In the realm of calculus, determining which interval for the graphed function contains the local minimum is a fundamental concept that unlocks a deeper understanding of function behavior. This article delves into the intricacies of local minima, providing a comprehensive guide to identifying intervals that encompass these critical points.
By exploring the mathematical definition, graphical representation, and practical applications of local minima, we unravel the significance of this concept in various fields, including optimization and real-world problem-solving.
Definition of Local Minimum
A local minimum of a graphed function is a point where the function value is lower than the values at nearby points on the graph. Mathematically, a local minimum occurs at a point (x, f(x)) where f'(x) = 0 and f”(x) > 0. Examples of functions with local minima include quadratic functions, cubic functions, and exponential functions.
Identifying Local Minimums on a Graph
To identify local minima on a graph, find the critical points by setting the first derivative equal to zero. These critical points are potential local minima or maxima. Then, use the second derivative test to determine whether each critical point is a local minimum or maximum.
If f”(x) > 0 at a critical point, then that point is a local minimum.
Intervals Containing Local Minimums
An interval is a set of all numbers between two given numbers. To determine if an interval contains a local minimum, check if the function is decreasing on the interval to the left of the critical point and increasing on the interval to the right of the critical point.
Analyzing a Graphed Function for Intervals Containing Local Minimums: Which Interval For The Graphed Function Contains The Local Minimum
To analyze a graphed function for intervals containing local minima, follow these steps:
- Find the critical points by setting the first derivative equal to zero.
- Use the second derivative test to determine whether each critical point is a local minimum or maximum.
- For each local minimum, determine the interval on which the function is decreasing to the left and increasing to the right.
For example, consider the function f(x) = x^3 – 3x^2 + 2. The critical points are x = 0 and x = 2. The second derivative test shows that x = 0 is a local minimum. The function is decreasing on the interval (-∞, 0) and increasing on the interval (0, ∞), so the interval (-∞, 0) contains the local minimum.
Applications of Finding Intervals Containing Local Minimums
Finding intervals containing local minima has practical applications in optimization problems. For example, in manufacturing, finding the local minimum of a cost function can help determine the optimal production quantity that minimizes costs. In finance, finding the local minimum of a risk function can help investors choose the optimal portfolio that minimizes risk.
Expert Answers
What is the mathematical definition of a local minimum?
A local minimum of a function f(x) at a point c is a point where f(c) is less than or equal to f(x) for all x in some open interval containing c.

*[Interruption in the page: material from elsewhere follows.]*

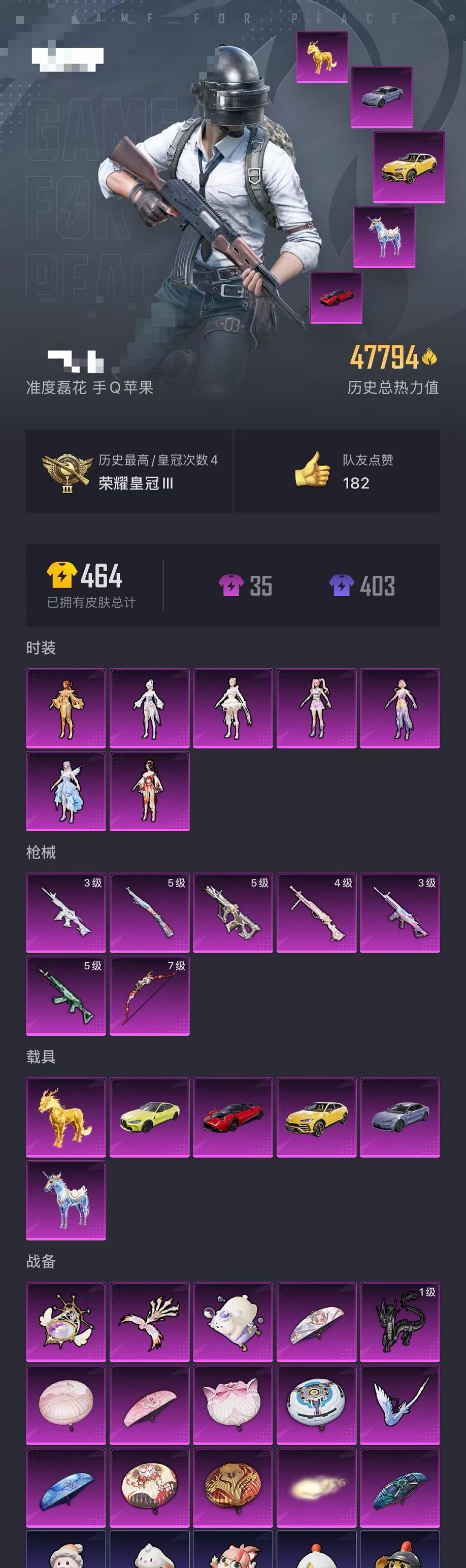 【金马 7粉装7特效呛6载具 可秒换绑】 苹果q区-47794热力值84套装-132呛皮 【6载具】 兰博suv黄色 仰望u7先锋版阿盖尔紫 星梦玉骢 帕加尼imola光影红 宝马m4圣保罗黄 护世瑞兽【7粉装】 角色-星梦奇缘 角色-金域紫灵 时空协奏·心弦 角色-狂花道·不知火舞 角色-千金淑猫 角色-女娲灵识 角色-羲和光序【7特效呛】 m762-青锋波束5级 爆炸猎弓

How do you identify local minima on a graph?
Local minima can be identified on a graph by locating points where the function changes from decreasing to increasing. This can be done by using the first derivative test, which involves finding the critical points of the function and determining the sign of the first derivative at those points.
What is the significance of finding intervals containing local minima?
Finding intervals containing local minima is important because it allows us to identify the regions of the function where the function is at its lowest value. This information can be used for optimization problems, such as finding the minimum value of a function on a given interval.